Copy the lines of the data below exactly, starting at the first and stopping after the line that contains "产业政策 。此后几年,国家宏观政策的调控逐步凸现成效, 产业政策 的调整也现成果,白酒的产量逐步下降。"; include no pictures.

> [EXTRACTED INFORMATION]
*** Block opens ***
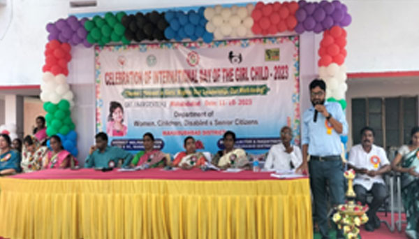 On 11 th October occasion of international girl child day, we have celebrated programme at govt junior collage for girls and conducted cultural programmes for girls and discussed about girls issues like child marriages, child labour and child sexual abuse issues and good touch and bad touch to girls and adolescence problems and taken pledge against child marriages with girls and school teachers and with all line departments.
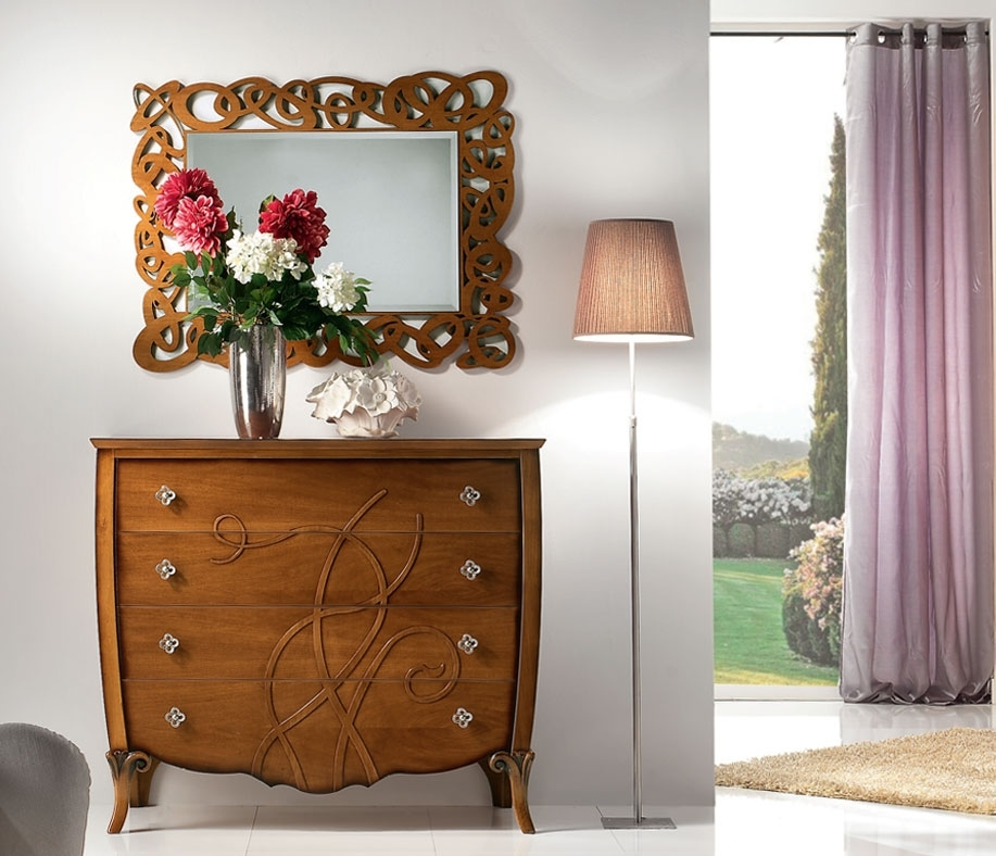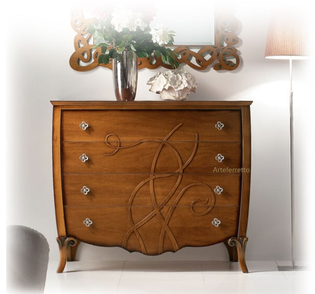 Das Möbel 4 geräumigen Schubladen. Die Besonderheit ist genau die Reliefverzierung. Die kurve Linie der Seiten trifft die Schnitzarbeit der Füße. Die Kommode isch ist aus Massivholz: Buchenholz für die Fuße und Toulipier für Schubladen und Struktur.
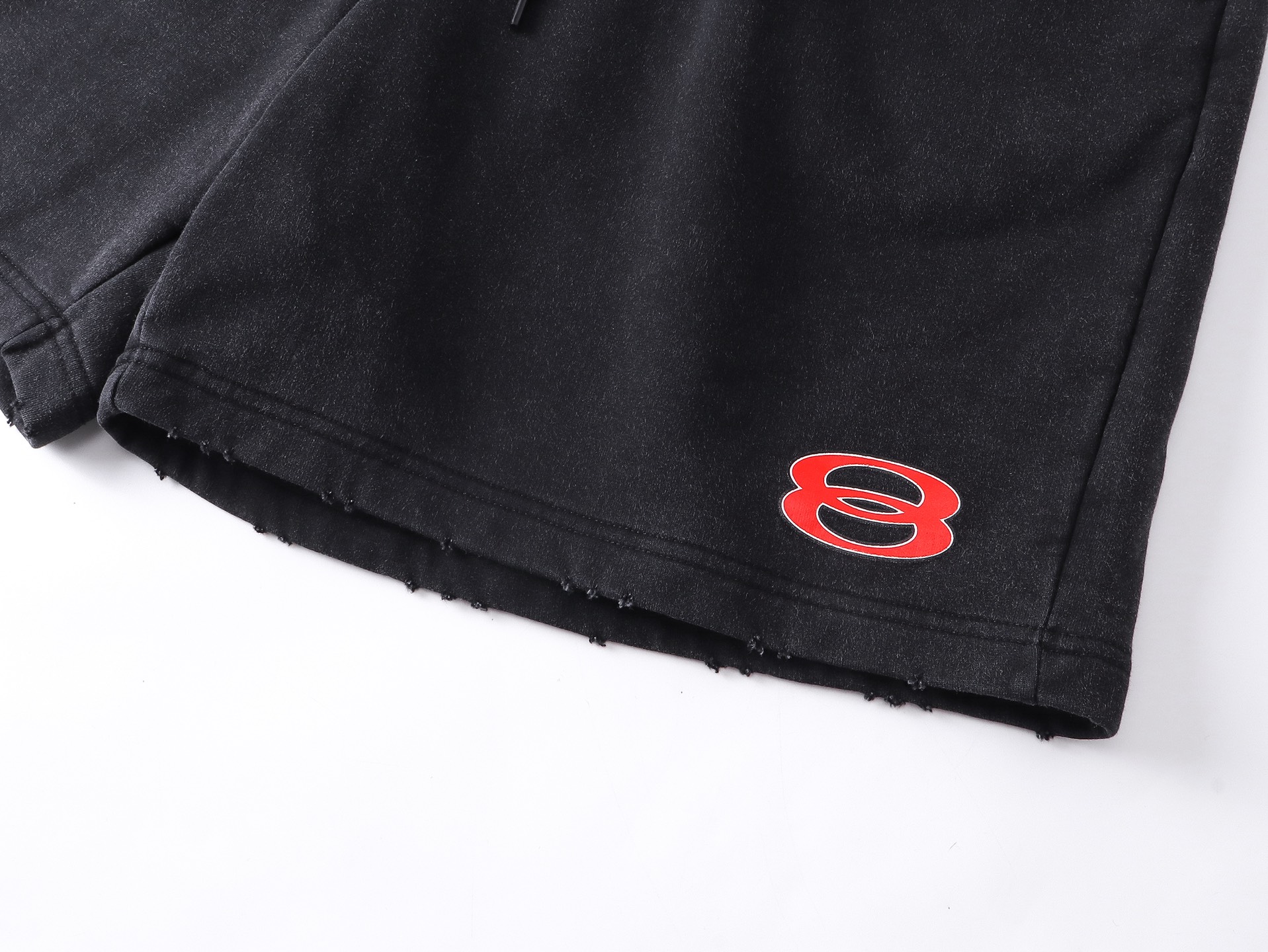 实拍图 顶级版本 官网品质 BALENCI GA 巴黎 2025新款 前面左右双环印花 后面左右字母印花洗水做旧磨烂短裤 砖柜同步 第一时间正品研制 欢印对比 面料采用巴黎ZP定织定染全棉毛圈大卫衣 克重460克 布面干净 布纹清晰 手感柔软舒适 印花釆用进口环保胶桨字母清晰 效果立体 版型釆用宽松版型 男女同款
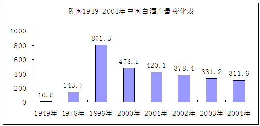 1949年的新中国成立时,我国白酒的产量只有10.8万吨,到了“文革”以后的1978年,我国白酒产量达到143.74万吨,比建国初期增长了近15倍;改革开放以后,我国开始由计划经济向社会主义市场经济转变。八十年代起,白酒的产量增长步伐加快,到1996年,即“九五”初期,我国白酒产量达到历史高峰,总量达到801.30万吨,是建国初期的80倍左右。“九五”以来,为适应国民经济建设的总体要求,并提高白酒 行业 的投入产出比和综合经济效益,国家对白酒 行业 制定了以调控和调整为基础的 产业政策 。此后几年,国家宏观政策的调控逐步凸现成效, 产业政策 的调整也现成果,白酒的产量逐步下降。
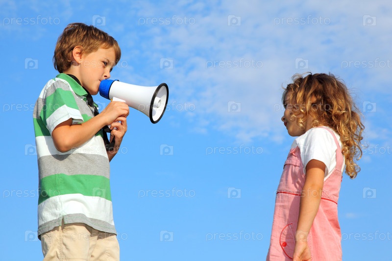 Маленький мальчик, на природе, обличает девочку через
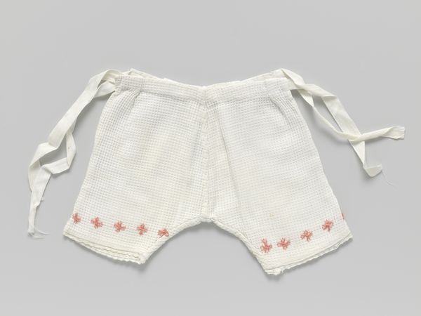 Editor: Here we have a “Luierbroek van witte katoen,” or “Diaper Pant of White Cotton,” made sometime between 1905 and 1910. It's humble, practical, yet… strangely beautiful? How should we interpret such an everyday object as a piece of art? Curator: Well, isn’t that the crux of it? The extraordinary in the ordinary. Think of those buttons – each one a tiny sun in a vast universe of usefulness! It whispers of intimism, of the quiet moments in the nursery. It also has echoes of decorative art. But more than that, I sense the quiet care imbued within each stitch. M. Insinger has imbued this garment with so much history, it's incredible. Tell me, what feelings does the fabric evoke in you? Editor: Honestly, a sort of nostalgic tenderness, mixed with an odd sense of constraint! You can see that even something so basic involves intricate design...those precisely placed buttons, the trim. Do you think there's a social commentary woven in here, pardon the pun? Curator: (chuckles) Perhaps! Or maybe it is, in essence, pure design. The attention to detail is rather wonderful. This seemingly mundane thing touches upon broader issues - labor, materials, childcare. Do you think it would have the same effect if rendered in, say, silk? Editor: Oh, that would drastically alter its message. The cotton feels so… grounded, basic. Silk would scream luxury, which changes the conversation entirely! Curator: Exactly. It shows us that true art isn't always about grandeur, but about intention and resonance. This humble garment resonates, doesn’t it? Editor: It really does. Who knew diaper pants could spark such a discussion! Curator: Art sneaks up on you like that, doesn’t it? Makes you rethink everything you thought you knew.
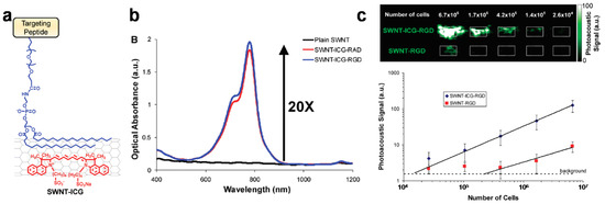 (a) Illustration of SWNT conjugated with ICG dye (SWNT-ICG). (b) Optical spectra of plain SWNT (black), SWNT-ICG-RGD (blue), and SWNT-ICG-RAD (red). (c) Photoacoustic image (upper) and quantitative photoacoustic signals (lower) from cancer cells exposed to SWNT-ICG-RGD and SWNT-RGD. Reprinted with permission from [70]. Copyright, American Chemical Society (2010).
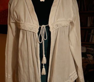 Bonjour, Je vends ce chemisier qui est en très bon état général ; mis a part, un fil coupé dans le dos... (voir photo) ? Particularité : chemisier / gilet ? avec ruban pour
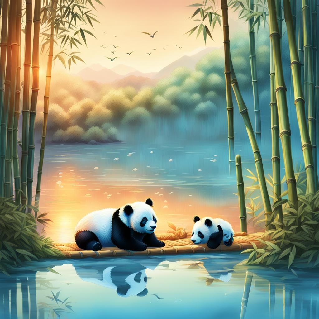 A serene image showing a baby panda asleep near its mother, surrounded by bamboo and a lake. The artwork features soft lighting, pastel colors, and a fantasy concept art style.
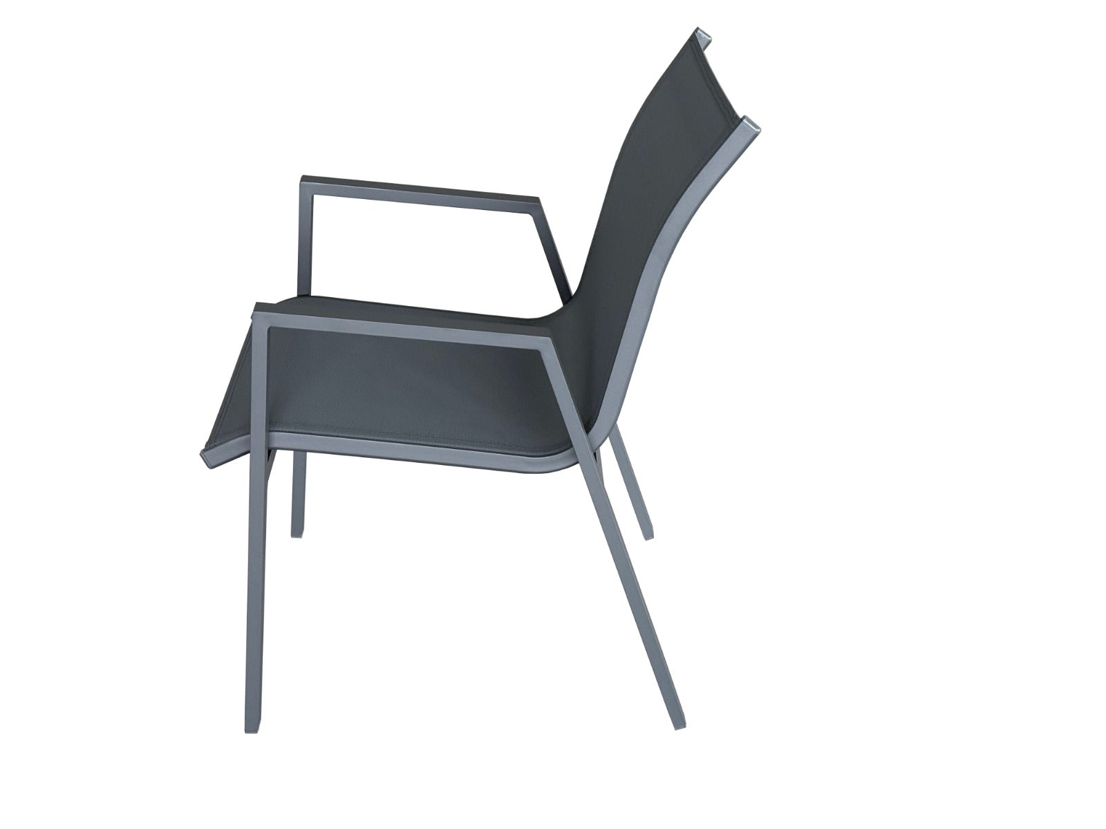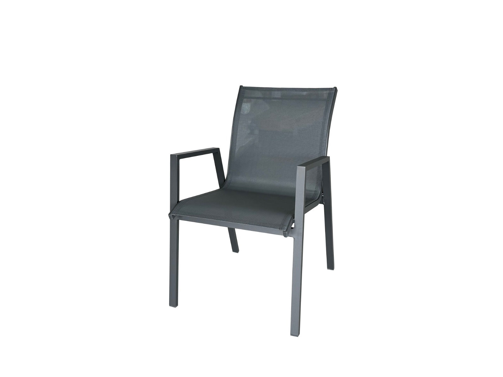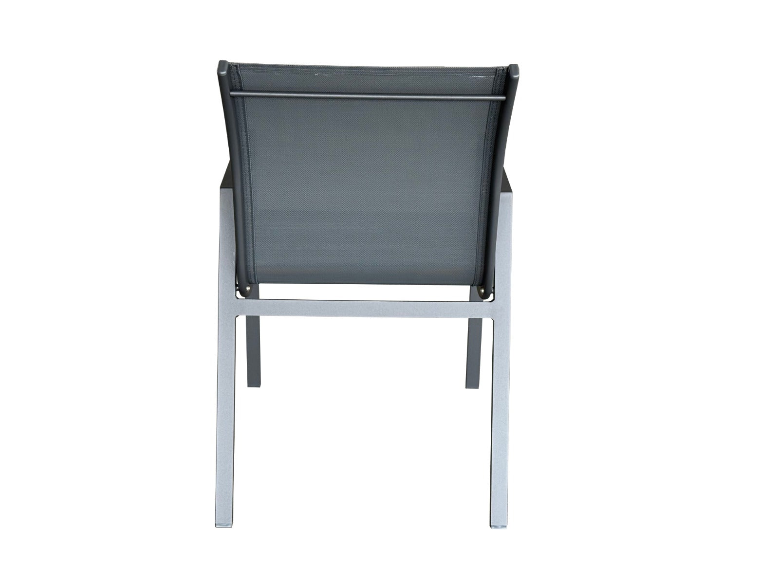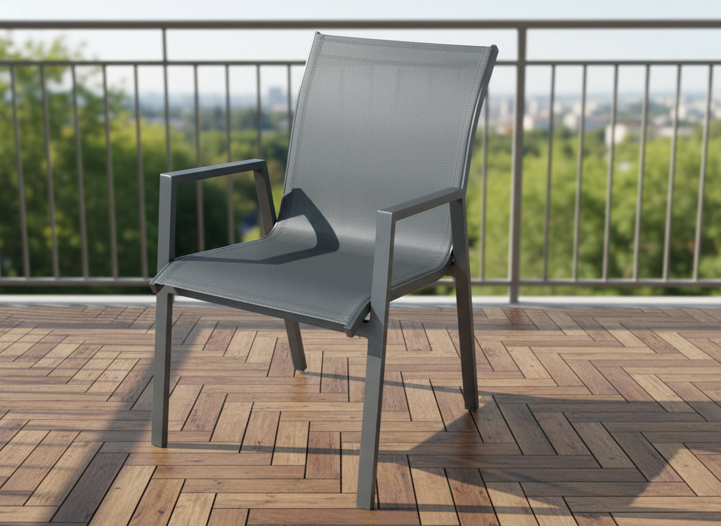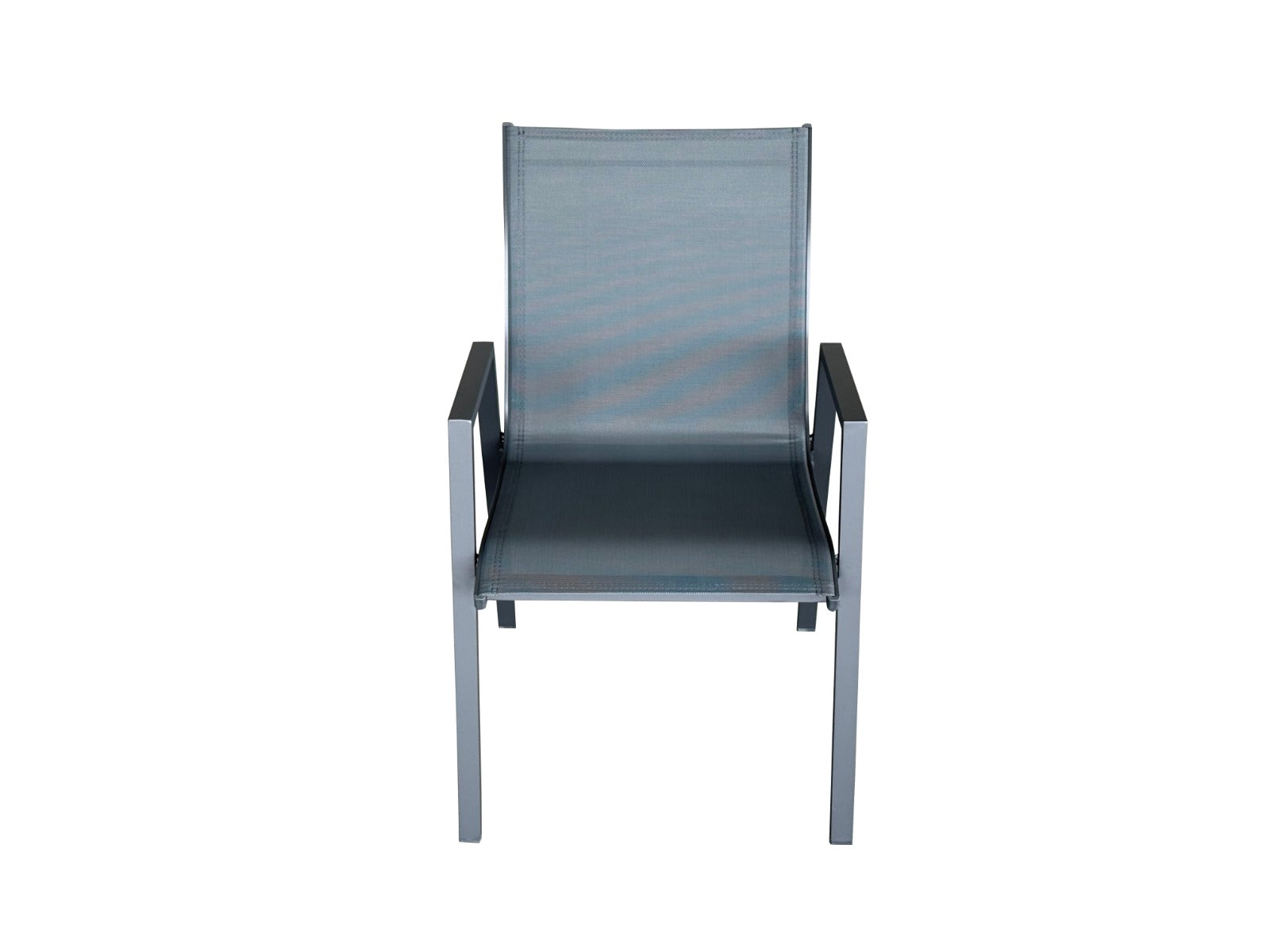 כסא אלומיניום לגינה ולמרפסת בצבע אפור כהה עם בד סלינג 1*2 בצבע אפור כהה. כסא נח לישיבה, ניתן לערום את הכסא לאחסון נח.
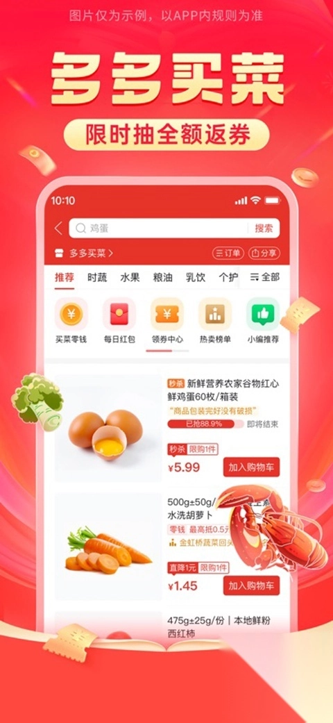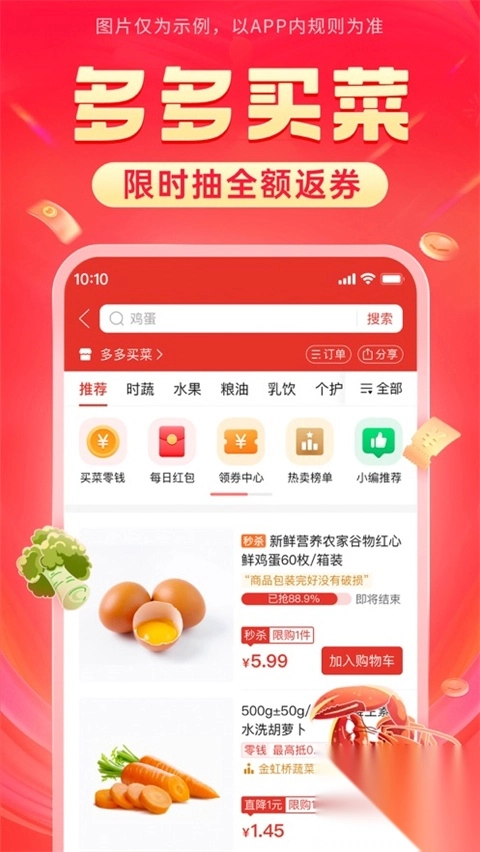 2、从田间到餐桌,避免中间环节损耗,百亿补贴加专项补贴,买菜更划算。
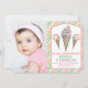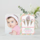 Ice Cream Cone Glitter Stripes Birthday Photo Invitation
*** Block closes ***
> [FINISHED EXERCISE]
 On 11 th October occasion of international girl child day, we have celebrated programme at govt junior collage for girls and conducted cultural programmes for girls and discussed about girls issues like child marriages, child labour and child sexual abuse issues and good touch and bad touch to girls and adolescence problems and taken pledge against child marriages with girls and school teachers and with all line departments.
 Das Möbel 4 geräumigen Schubladen. Die Besonderheit ist genau die Reliefverzierung. Die kurve Linie der Seiten trifft die Schnitzarbeit der Füße. Die Kommode isch ist aus Massivholz: Buchenholz für die Fuße und Toulipier für Schubladen und Struktur.
 实拍图 顶级版本 官网品质 BALENCI GA 巴黎 2025新款 前面左右双环印花 后面左右字母印花洗水做旧磨烂短裤 砖柜同步 第一时间正品研制 欢印对比 面料采用巴黎ZP定织定染全棉毛圈大卫衣 克重460克 布面干净 布纹清晰 手感柔软舒适 印花釆用进口环保胶桨字母清晰 效果立体 版型釆用宽松版型 男女同款
 1949年的新中国成立时,我国白酒的产量只有10.8万吨,到了“文革”以后的1978年,我国白酒产量达到143.74万吨,比建国初期增长了近15倍;改革开放以后,我国开始由计划经济向社会主义市场经济转变。八十年代起,白酒的产量增长步伐加快,到1996年,即“九五”初期,我国白酒产量达到历史高峰,总量达到801.30万吨,是建国初期的80倍左右。“九五”以来,为适应国民经济建设的总体要求,并提高白酒 行业 的投入产出比和综合经济效益,国家对白酒 行业 制定了以调控和调整为基础的 产业政策 。此后几年,国家宏观政策的调控逐步凸现成效, 产业政策 的调整也现成果,白酒的产量逐步下降。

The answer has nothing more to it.